Acute effects of the new angiotensin converting enzyme inhibitor ramipril on hemodynamics and carotid sinus baroreflex activity in congestive heart failure.

The hemodynamic effects of a single dose of 5 mg of ramipril, a new angiotensin converting enzyme inhibitor, were investigated in 10 patients with chronic congestive heart failure. Arterial blood pressure and total peripheral resistance were decreased by approximately 12% without causing reflex tachycardia. A highly significant decrease occurred in mean pulmonary artery and pulmonary capillary wedge pressures. These hemodynamic changes were equally pronounced at rest and during exercise on a bicycle ergometer; the effect was of the same magnitude 5 and 24 hours after medication. Angiotensin converting enzyme activity in plasma was nearly completely inhibited after 5 hours and remained at about 12% of control after 24 hours. Cardiac index, which was normal before treatment, remained unaffected. Thus, ramipril induced a balanced reduction of left ventricular pre- and afterload. The activity of the carotid sinus baroreflex was investigated in 8 of the patients using the neck suction technique before and 24 hours after ramipril.

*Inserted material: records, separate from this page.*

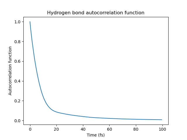 Finally, average the autocorrelation functions of all the hydrogen bonds and plot the result. The graph of the function is shown below (for the continuous hydrogen bond autocorrelation function).
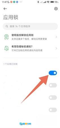 在应用锁界面里,找到“小米应用商店”,点击它旁边的加锁按钮,这样就能完成该应用的加锁配置了。
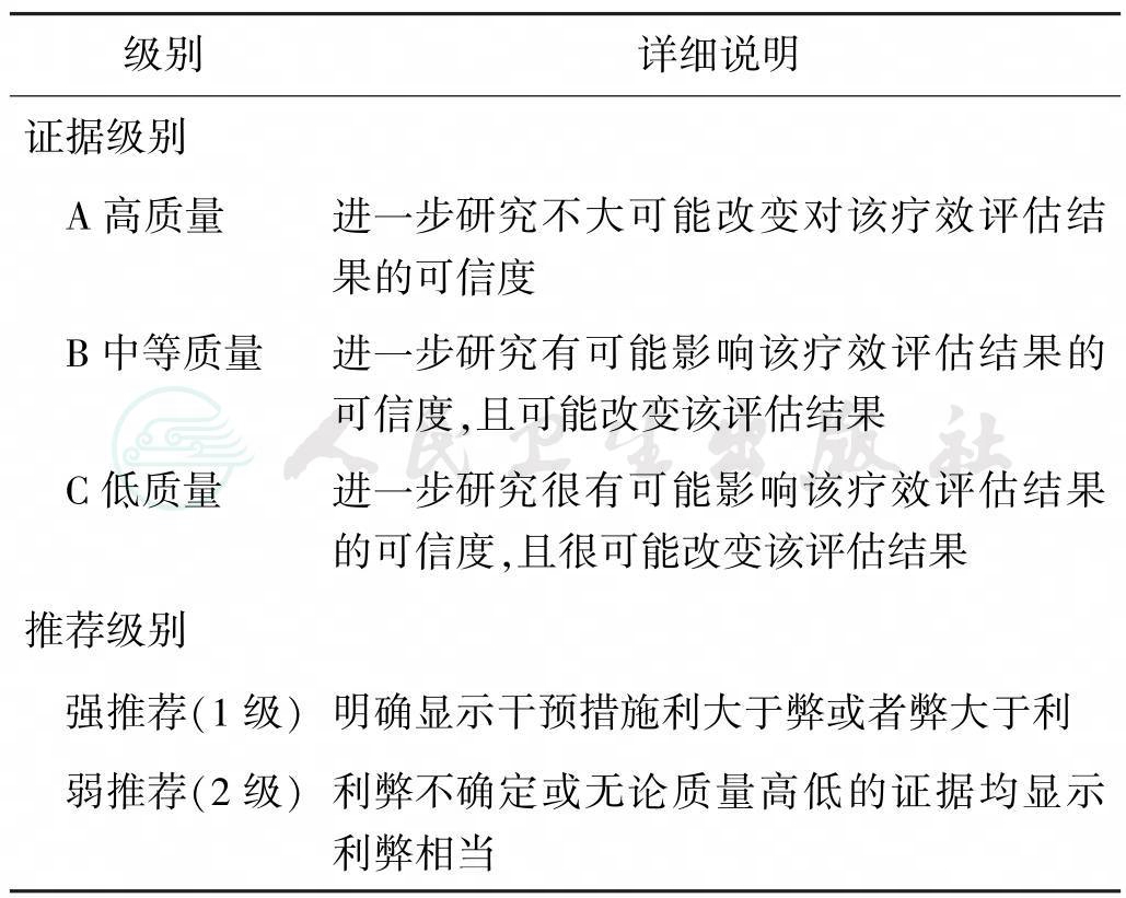 表1 推荐意见的证据等级和推荐等级

The reflex bradycardia during stimulation of the baroreceptors was significantly increased by ramipril, whereas the decrease in blood pressure remained essentially unaffected. Ramipril induced a selective sensitization of the parasympathetic baroreceptor heart rate reflex without influencing the sympathetically mediated peripheral vasodilatation. This effect may be responsible for the lack of reflex tachycardia in spite of the decrease in blood pressure.